We utilized the online database STRING (https://string-db.org) to construct the PPI network using DEGs that differentiate between high and low ATP6AP1 expression levels. This network was then visualized using the R packages "igraph" and "ggraph." The defined cut-off value was an interaction score of 0.4, based on the median confidence. For the analysis of DEGs between the high- and low-ATP6AP1 groups, we employed the cluster Profiler R package. This package facilitated the investigation of Gene Ontology (GO) and Kyoto Encyclopedia of Genes and Genomes (KEGG) pathway enrichment.

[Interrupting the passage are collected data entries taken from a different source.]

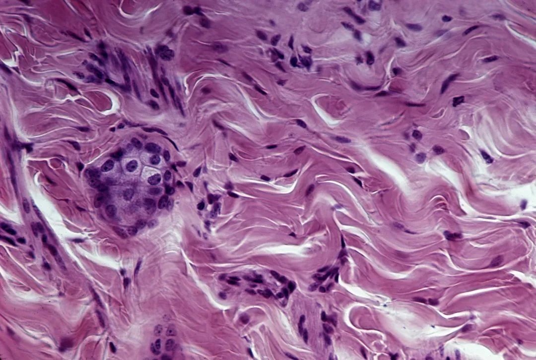 皮肤真皮层的纤维细胞核(紫色点)在显微镜下纤维性结缔组织中的呈现。
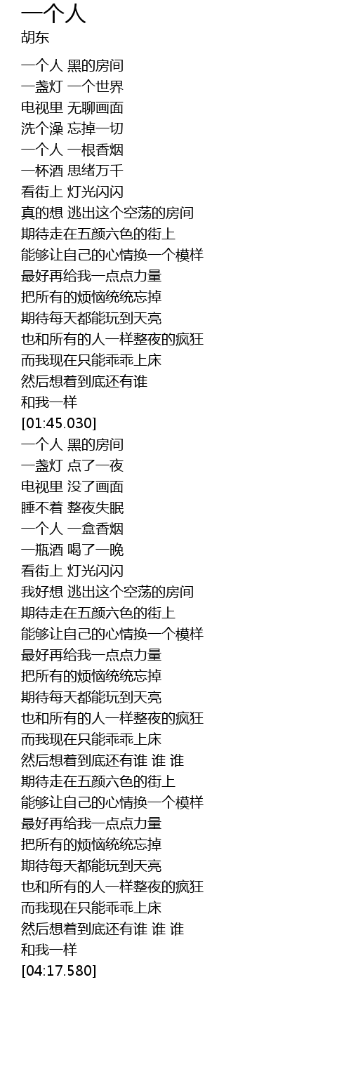 | [02:04.570] | 一个人 黑的房间 |
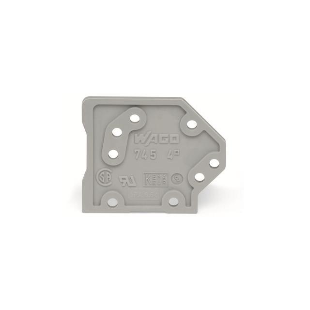 This is manufactured by WAGO Corporation. The manufacturer part number is 745-100. It is assigned with possible HTSUS value of 8538.90.8180. It is shipped in box package . It has a classic gray colour. The product is rohs3 compliant. Its typical moisture sensitivity level is not applicable. The product is suitable for use with terminal blocks. It has a long 12 weeks standard lead time. It comes in end plate configuration. The product is designated with the ear99 code number.
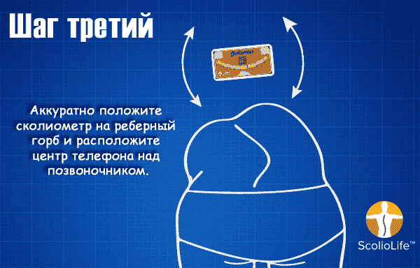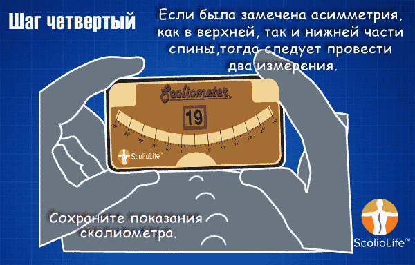 Сколиометр измеряет степень искривления туловища. Пациента просят наклониться, свесив руки и прижав ладони друг к другу, пока в грудном отделе (верхняя часть спины) не появится изгиб. Сколиометр помещается на спину и используется для измерения вершины (самой высокой точки) изгиба. Затем пациента просят продолжать наклоняться, пока не будет виден изгиб в нижней части спины; затем измеряется вершина этого изгиба.
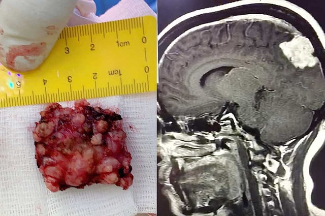 كما أنقذ أطباء المستشفى، سيدة ثلاثينية من ورم بالمخ، بعد تزايد معاناتها من نوبة صداع حاد لازمتها، وبالكشف عليها وإجراء الفحوصات الإشعاعية تبين وجود كتلة متصلة بالوريد عبارة عن ورم يحيط بالمخ بقطر أربعة سنتيمترات، استوجب سرعة التدخل الجراحي لاستئصاله من قبل أطباء جراحة المخ والأعصاب بالمجمع؛ وبعد الجراحة الناجحة غادرت المريضة بعد أيام المستشفى وهي بصحة وعافية .

Tissue arrays and immunohistochemical (IHC) staining

The tissue microarrays of human CRC (ZL-Cocsur1801, N = 90) were obtained from Shanghai Zhuolibiotech Company Co., Ltd. (Shanghai, China). The array manufacturer provided the clinical and pathological information pertaining to the samples. The microarray underwent dewaxing in xylene baths for a total of three cycles, followed by rehydration using a graded series of alcohols. Subsequently, it was subjected to heat retrieval in a pressure cooker with sodium citrate buffer (pH 6.0) for 15 min. For IHC, the ATP6AP1 antibody (Proteintech, 15365-1-AP) was employed following the specified protocols. The staining scores for IHC (IS) were categorized into four ranks: 0 for negative, 1 for weak, 2 for moderate, and 3 for strong. To assess the percentage of positively stained cells (PS), we assigned scores as follows: 0 (< 5%), 1 (5–25%), 2 (25–50%), 3 (50–75%), and 4 (75–100%). The overall score for each slide was determined as the product of IS and PS, ranging from 0 to 12.

Statistical analysis

Normalization of the data obtained from TCGA was carried out through log2 transformation. To assess the correlation between the two variables, we employed either Spearman's or Pearson's test. Various genetic correlation analyses were performed using R (version 3.6.3), along with the ggplot2 package. The TCGA dataset for COAD and READ was accessed through the following link: https://portal.gdc.cancer.gov/. For survival analysis, HRs and p-values were computed using either univariate Cox regression analysis or Log-rank test. A significance threshold of p-value < 0.05 was adopted for all statistical analyses.

Statement

Our research involves human tissues derived from tumor and adjacent normal tissues of CRC patients. All patients signed an informed consent form. Ethical approval for this study was obtained from the Ethical Committee of Medical Research, Jiangsu Province Hospital of Nanjing Medical University (2018-SR-258). There are no clinical trials or animal experiments in our research. All experiments were performed in accordance with relevant guidelines and regulations.

Informed consent

Written informed consent for publication was obtained from all participants.